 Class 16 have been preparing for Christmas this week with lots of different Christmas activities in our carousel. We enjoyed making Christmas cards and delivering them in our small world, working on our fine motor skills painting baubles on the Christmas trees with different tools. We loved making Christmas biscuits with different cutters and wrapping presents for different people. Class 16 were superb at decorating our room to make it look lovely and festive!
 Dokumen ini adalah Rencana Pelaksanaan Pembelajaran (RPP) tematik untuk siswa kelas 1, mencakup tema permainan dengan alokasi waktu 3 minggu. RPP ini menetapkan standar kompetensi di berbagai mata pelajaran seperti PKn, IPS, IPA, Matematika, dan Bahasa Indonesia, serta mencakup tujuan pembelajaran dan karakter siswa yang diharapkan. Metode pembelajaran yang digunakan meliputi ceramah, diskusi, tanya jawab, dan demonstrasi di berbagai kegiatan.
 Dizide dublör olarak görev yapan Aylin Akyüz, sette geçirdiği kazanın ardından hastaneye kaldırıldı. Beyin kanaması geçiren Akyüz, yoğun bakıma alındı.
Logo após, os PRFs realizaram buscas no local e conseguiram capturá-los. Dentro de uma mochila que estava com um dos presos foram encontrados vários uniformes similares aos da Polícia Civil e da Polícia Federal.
▬▬▬▬▬▬
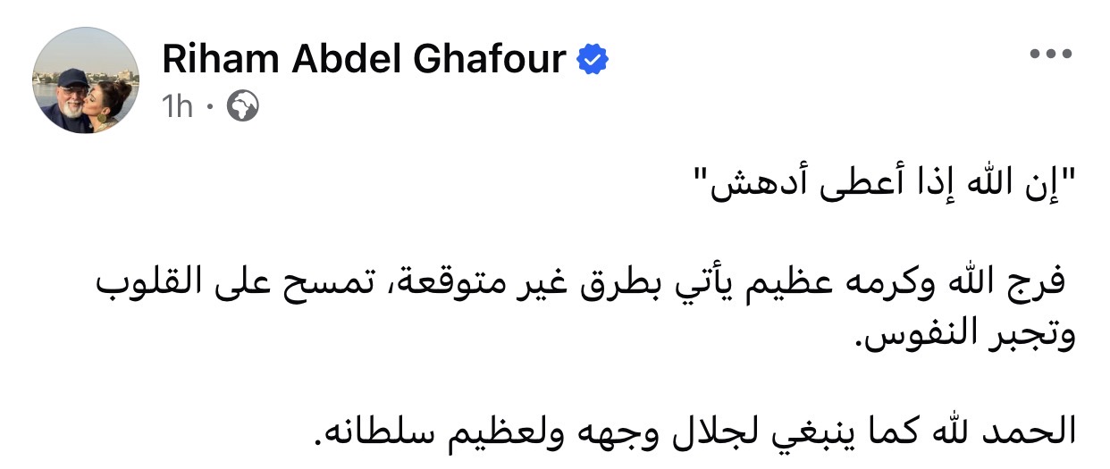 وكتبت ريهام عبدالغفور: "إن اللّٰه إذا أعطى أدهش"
▬▬▬▬▬▬
### Task
Take the lines above from the one containing "Class 16 have" to the one containing "Dizide dublör olarak" and retype them exactly, both ends included, with nothing added.

### The completed task
 Class 16 have been preparing for Christmas this week with lots of different Christmas activities in our carousel. We enjoyed making Christmas cards and delivering them in our small world, working on our fine motor skills painting baubles on the Christmas trees with different tools. We loved making Christmas biscuits with different cutters and wrapping presents for different people. Class 16 were superb at decorating our room to make it look lovely and festive!
 Dokumen ini adalah Rencana Pelaksanaan Pembelajaran (RPP) tematik untuk siswa kelas 1, mencakup tema permainan dengan alokasi waktu 3 minggu. RPP ini menetapkan standar kompetensi di berbagai mata pelajaran seperti PKn, IPS, IPA, Matematika, dan Bahasa Indonesia, serta mencakup tujuan pembelajaran dan karakter siswa yang diharapkan. Metode pembelajaran yang digunakan meliputi ceramah, diskusi, tanya jawab, dan demonstrasi di berbagai kegiatan.
 Dizide dublör olarak görev yapan Aylin Akyüz, sette geçirdiği kazanın ardından hastaneye kaldırıldı. Beyin kanaması geçiren Akyüz, yoğun bakıma alındı.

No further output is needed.